More than half of Optus Sport’s estimated 700,000 subscribers are not signed up to Stan Sport, Nine determined through due diligence.
The new acquisitions position Nine as a destination for football. The media company already holds the rights to broadcast the UEFA Champions League, as well as all four tennis grand slam events and most rugby union action.
Optus Sport subscriber numbers have fallen since it lost the Champions League rights to Stan in 2021. Sports rights expert and consultant Jon Marquard said Optus had been at its best when it offered a diverse selection of international competitions alongside its weekly Premier League coverage.
“Stan will be able to market a much more compelling set of rights, on a similar basis, given it already holds the Champions League and Europa League,” he said.
The deal marks an end to Optus’ sports venture, with as many as 100 jobs uncertain as Nine is expected to draw on its own staff to produce the Premier League’s additional coverage.
The Premier League, despite being an international league with few prominent Australians and airing overnight, is one of Australia’s most popular sports codes.
A survey of 3000 Australians by firm Tracksuit recently found it was the third most popular sports league across the country behind the AFL and NRL. In Victoria, the Premier League and NBA came in equal second, behind the AFL but ahead of the NRL.
Stan has 2.3 million paying subscribers, and while the number of those with the Stan Sport package is unknown, it is believed to be marginal compared with Optus Sport’s.
A shortcoming of the Stan Sport package has been the lack of consistent content, with the Champions League running sporadically throughout the year, grand slam tennis only in four two-week blocks, and the Olympic Games on only every two years over the winter or summer.
Craig Foster (left) and Mark Bosnich (centre) front Stan Sport’s Champions League coverage.Credit: Jesse Marlow
The Premier League runs consistently for most of the year from August through until May, with matches stretched across the weekends and mid-week.
If Nine’s estimate is correct – that more than half of Optus Sport’s customers do not have a Stan subscription – the deal could translate into some 350,000 new customers for Nine.
Nine owns this masthead.
With the rights for the Formula One still in the market and the looming NRL rights negotiations, the deal also bolsters Stan Sport’s position in future negotiations.
“This marks a step change in Nine’s digital growth strategy,” said Matt Stanton, Nine’s chief executive.
“The Premier League is the most-watched football league on the planet, and alongside the Emirates FA Cup, this acquisition reinforces Nine’s position as the home of sport in Australia.”
Optus CEO Stephen Rue said the company placed a priority on finding its assets a home that would take its football coverage, and Stan fit the bill.
“Optus Sport customers and the game of football will be in great hands at Stan, and we know the game will receive the broadcasting priority it deserves from an organisation whose speciality is delivering quality sports programming to its customers,” Rue said.
The deal also includes the rights to the UEFA Women’s EURO 2025 championship, which starts this week on July 3, as well as the Japanese J-League and the National Women’s Soccer League in the United States.
Nine expects the sports rights acquisition to increase Stan’s earnings and cash flow for the remainder of the media rights deal, it said in its statement to the ASX.

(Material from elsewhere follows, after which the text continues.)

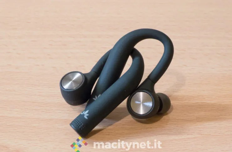 La forma, dicevamo, è quella classica ad archetto. Sono leggermente più bombati lungo la parte terminale che sparisce dietro l’orecchio: qui, sul fondo, è ben visibile la presa microUSB utile per la ricarica della batteria interna, incorporata proprio in quest’area del guscio.

In 2024, the Premier League announced that all production for international content and production would move in-house from the 2026/27 season.
Locally, Stan is yet to decide on the extent of its local production for the Premier League, which could include add-ons such as local football talk shows. Discussions were likely to take place this week, a source not authorised to speak publicly said.
On Stan Sport, former Socceroo Craig Foster, Australian former Manchester United goalkeeper Mark Bosnich and sports journalist Adam Peacock front Champions League broadcasts.